Describe the expected behavior

It should be able to train as the notebook setup_environment_tutorial.ipynb displays a similar format,

image

Code to reproduce the issue
Provide a reproducible test case that is the bare minimum necessary to generate the problem.

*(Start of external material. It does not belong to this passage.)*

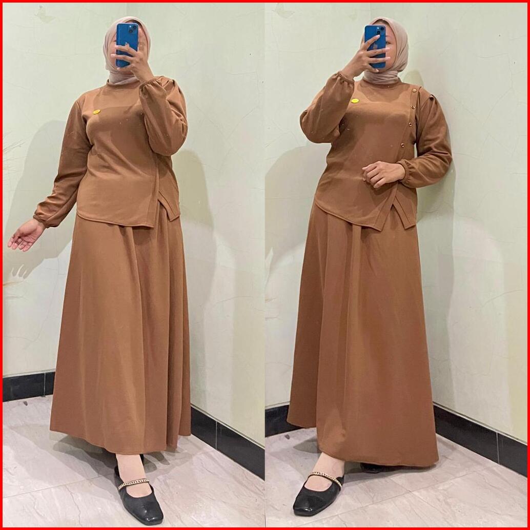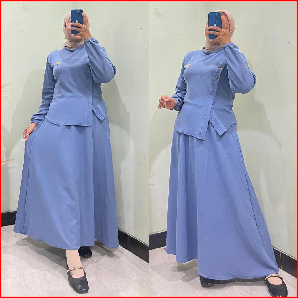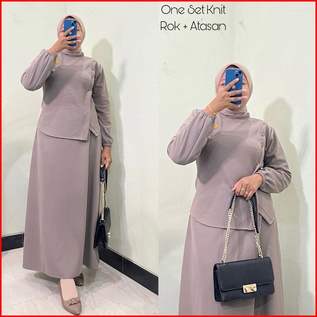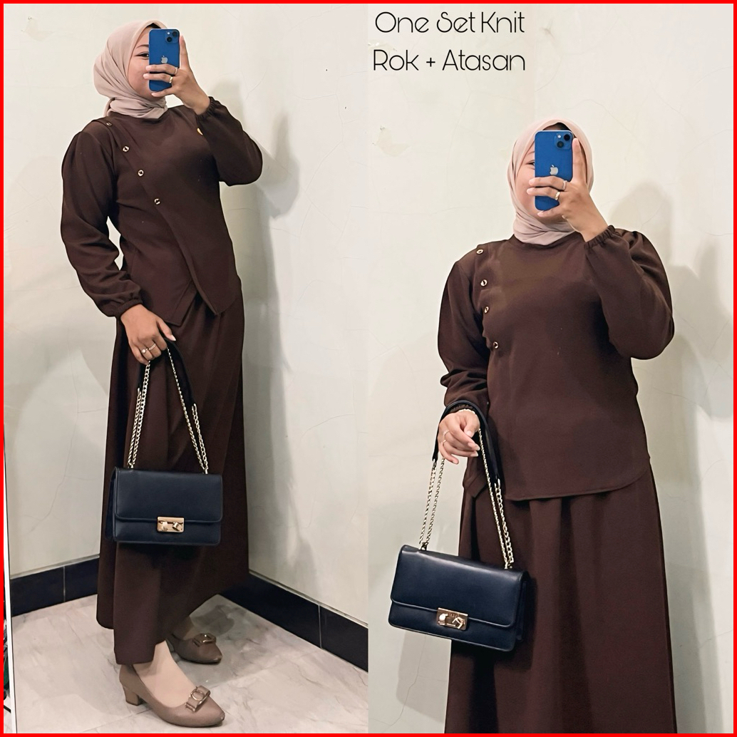 Maygrosir.id - Setelan Rok Knit Wanita Sheila One Set Rok Baju Terbaru Lengan Balon Panjang

cdd = CryptoDataDownload()
data = {}

data["BTC/USD"] = cdd.fetch("Bitfinex", "USD", "BTC", "1h")
data["ETH/USD"] = cdd.fetch("Bitfinex", "USD", "ETH", "1h")
data["LTC/USD"] = cdd.fetch("Bitfinex", "USD", "LTC", "1h")

data

for i, count in enumerate(data):
  pair = count.replace("/USD","")
  with NameSpace("bitfinex"):
    if i==0:
      bitfinex_streams = [
          Stream.source(list(data.get(count)[c]), dtype="float").rename(f"{pair}:{c}") for c in data.get(count).columns
      ]
    else:
      bitfinex_streams += [
          Stream.source(list(data.get(count)[c]), dtype="float").rename(f"{pair}:{c}") for c in data.get(count).columns
      ]

feed = DataFeed(bitfinex_streams)

bitfinex_options = ExchangeOptions(commission=0.0075, min_trade_price=10.0)
bitfinex = Exchange("bitfinex", service=execute_order,  options=bitfinex_options)(
    Stream.source(list(data.get("BTC/USD")["close"]), dtype="float").rename("USD-BTC"),
    Stream.source(list(data.get("ETH/USD")["close"]), dtype="float").rename("USD-ETH"),
    Stream.source(list(data.get("LTC/USD")["close"]), dtype="float").rename("USD-LTC")
)

portfolio = Portfolio(USD, [
    Wallet(bitfinex, 100000 * USD),
    Wallet(bitfinex, 0 * BTC),
    Wallet(bitfinex, 0 * ETH),
    Wallet(bitfinex, 0 * LTC)
])

env = default.create(
    portfolio=portfolio,
    action_scheme='managed-risk',  # ['managed-risk', 'simple', BSH ]
    reward_scheme='risk-adjusted', # [ 'risk-adjusted', 'simple' ]
    feed=feed,
    renderer_feed=renderer_feed,
    renderer=default.renderers.PlotlyTradingChart(),
    window_size=5
)

agent = DQNAgent(env)

agent.train(n_steps=200, n_episodes=5, save_path="agents/", render_interval=None)

Other info / logs
Include any logs or source code that would be helpful to diagnose the problem. If including tracebacks, please include the full traceback. Large logs and files should be attached.

image

daecepi commented 3 years ago

@Youbadawy i am having the same error, did you resolve it?

Youbadawy commented 3 years ago

@daecepi yes, use unix timestamp instead, it should work!

abstractguy commented 2 years ago

Please start from the latest examples. This is fixed there. I may merge the fix to data/cdd.py later.